El nieto de la sobreviviente Ella Mayer -que trabajó como enfermera en el hospital judío de Hamburgo hasta bien entrada la guerra- se propuso un gran desafío literario: escribir una novela sobre la vida del “arquitecto del Holocausto” durante los diez años que vivió en Argentina, desde que llegó en 1950 bajo el nombre falso de Ricardo Klement, hasta que fue capturado por el Mossad en 1960. Del escritorio del nazi Adolf Eichmann salió dos veces la orden para deportar a la bisabuela del escritor Ariel Magnus.
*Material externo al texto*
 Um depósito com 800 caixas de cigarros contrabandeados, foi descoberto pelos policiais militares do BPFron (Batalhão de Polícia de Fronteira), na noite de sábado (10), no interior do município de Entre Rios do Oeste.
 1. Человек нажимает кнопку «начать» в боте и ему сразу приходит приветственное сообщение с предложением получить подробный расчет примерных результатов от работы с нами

Su abuela Ella siguió a la madre para contrarrestar esas órdenes primero a Theresienstadt; después fueron deportadas a Auschwitz, donde Mengele la separó de su madre. Cuando Ella quiso seguirla incluso a la cámara de gas, el jerarca nazi le dio una patada en la cara que la desfiguró para siempre. Ella logró sobrevivir a la evacuación a pie de ese campo de concentración. El desafortunado (Seix Barral) es la patada más formidable que Magnus propina a Eichmann, a quien define como “un mediocre que llegó demasiado lejos”.
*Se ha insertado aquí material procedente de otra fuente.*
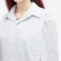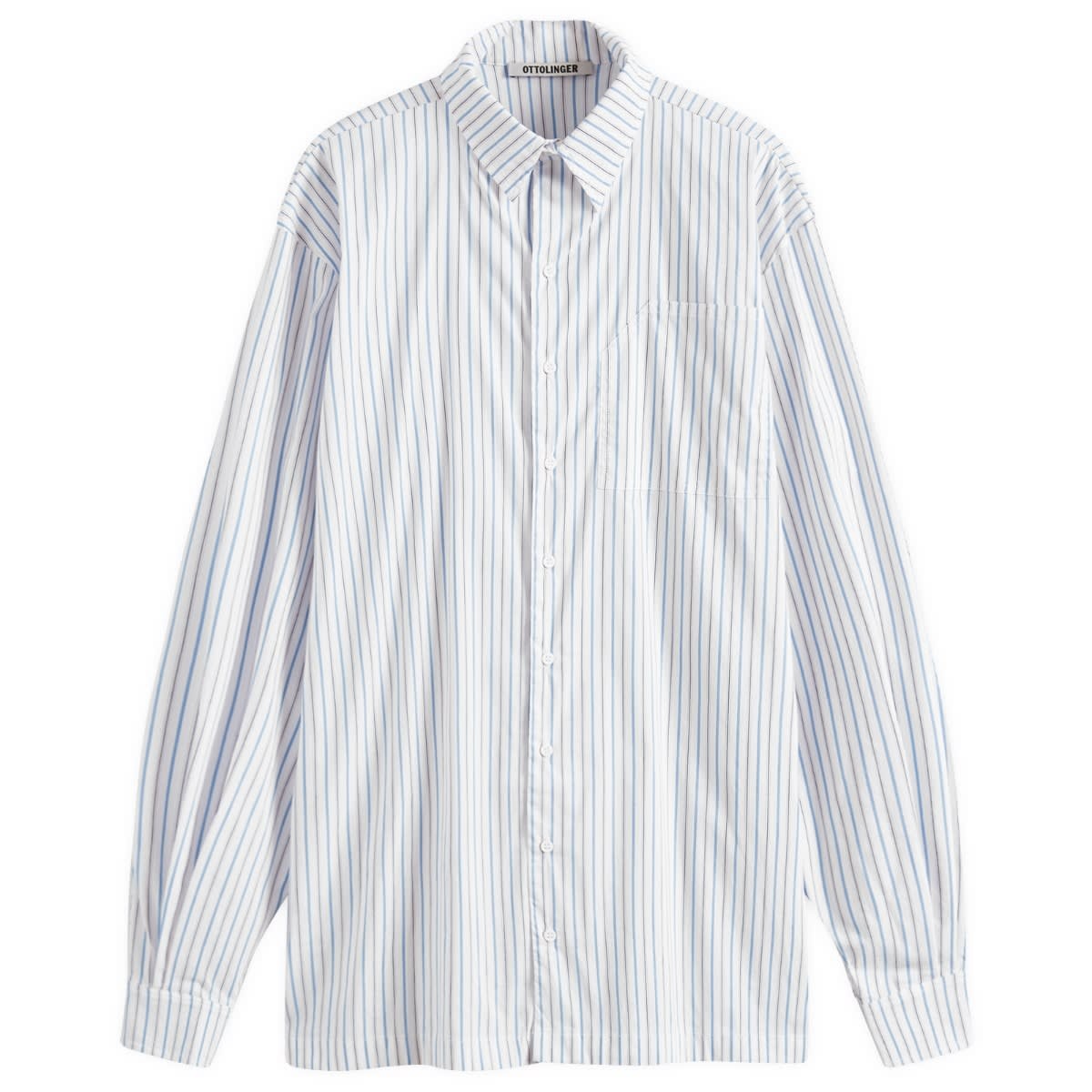 Initially known for its sci-fi club wear, Ottolinger has grown to achieve mainstream success while maintaining its avant-garde roots. Taking a classic shirt silhouette, this cotton blend piece has been exaggerated for comfort and a confidence boost. The striped pattern elongates your shape while simultaneously never going out of style. - 74% Cotton, 23% Polyamide, 3% Elastane - V-Neck - Spread Collar - Chest Patch Pocket - Short Side Slits - Front Button Fastening - Dry Clean Only

Magnus (Buenos Aires, 1975) llegó a Mülheim el pasado 25 de septiembre, invitado por un año como escritor en residencia. “No pude salir enseguida porque… ¡me perdieron el test que me había hecho en el aeropuerto!”, cuenta el escritor desde esta ciudad alemana que está situada a orillas del río Ruhr. “Llegué justo a ir a Berlín a ver a mis hermanos que viven acá, ahora me toca quedarme en casa. Pero es un caserón espectacular con una biblioteca soñada, podría hacer un confinamiento de diez años sin problema...Una cosa que me sorprendió al llegar es que los alemanes respetaban las reglas mínimas de combate contra el covid menos que en la Argentina; la sensación era que estaban en cualquiera. Y así fue: un par de semanas más tarde los números se fueron al carajo”, agrega el autor de La abuela (libro en el que aparece Ella Mayer), Un chino en bicicleta (Premio Internacional de Novela La Otra Orilla 2007), Muñecas, Cartas a mi vecina de arriba, Ganar es de perdedores y otros cuentos de fútbol, y la más reciente El aborto (una novela ilegal), entre otros títulos.
En el epílogo de El desafortunado aparece el padre del narrador, aunque Magnus aclara que “es y no es” su padre. “El epílogo es una mezcla de realidad y ficción igual que la novela. Mi padre real la leyó y le gustó, y está especialmente orgulloso de que se esté traduciendo a varios idiomas”, revela el escritor en la entrevista con Página/12.
-En el epílogo de la novela el padre del narrador considera que “así como fueron los judíos quienes encontraron y ajusticiaron al que en su opinión era el mayor criminal de todos los tiempos, quizá no fuera del todo paradójico ni errado que también fuera un judío el que se encargara de capturar al personaje y condenarlo en la ficción”. ¿En qué sentido pensás que la ficción es una condena para Eichmann como personaje?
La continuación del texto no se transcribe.